NO hay derrota más triste que la que se tiene que soportar sin ni siquiera haber tenido la oportunidad de luchar. En la historia hay fracasos con honor, decesos (políticos) con cierta grandeza y debacles que, a falta de medallas, al menos gozan del beneficio de la literatura. No es el caso del presidente (ya casi en funciones) Zapatero, al que los socialistas han relegado en esta campaña electoral, llena de apelaciones a los viejos patriarcas, a un único acto público con Rubalcaba y que ayer comenzó lo que podría calificarse como la ruta de las periferias interiores: mítines en Soria y Ávila.

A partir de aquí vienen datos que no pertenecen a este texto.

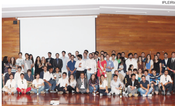
Esta iniciativa decorreu pelo 12.º ano consecutivo

Probablemente camino de León, que será su particular monasterio de Yuste. Laico, por supuesto.

Zapatero llegó a la Moncloa prometiendo de forma solemne: "Os prometo que el poder no me va hacer cambiar". Y, como todas las frases solemnes, los astros y los propios errores se confabularon para llevarle la contraria. La promesa fue destrozada por el tiempo y las circunstancias. Se nota que no entendió a Ortega y Gasset: uno no es más que sus circunstancias. Quizás crea (en su fuero interno) que él no ha cambiado, pero es un hecho que sí lo hicieron sus políticas, probablemente porque se encontró frente al precipicio de la realidad. El agujero era negro y parecía no tener fin. Tuvo que hacer tantos equilibrios para no caer que se quebró la cintura. Desde ese día no volvió a ser el mismo. Los demás (sobre todo los suyos) dejaron de verle como el poder para situarlo en el estante de los jarrones chinos.

El tiempo probablemente le haga algo más de justicia que el presente. Aunque, afortunadamente, el relato de la historia no siempre lo escriben los propios gobernantes. En caso contrario no existiría la polisemia: los distintos significados, a veces contradictorios, que brotan al analizar cualquier gestión política; humana y, por tanto, imperfecta. Zapatero, al que ayer oía por la radio reclamar -con tono airado- la intervención de Europa frente al inoperante eje franco-alemán, cometió el pecado de convertirse, en horas 24, en el reverso de su propia estampa. La incoherencia, cuando se está ante los focos públicos, no se perdona jamás. Al poder nunca se le ama: se le teme o se le tiene respeto. Punto. Zapatero ya no infundía ninguno de ambos sentimientos. Su telón ha tocado el escenario.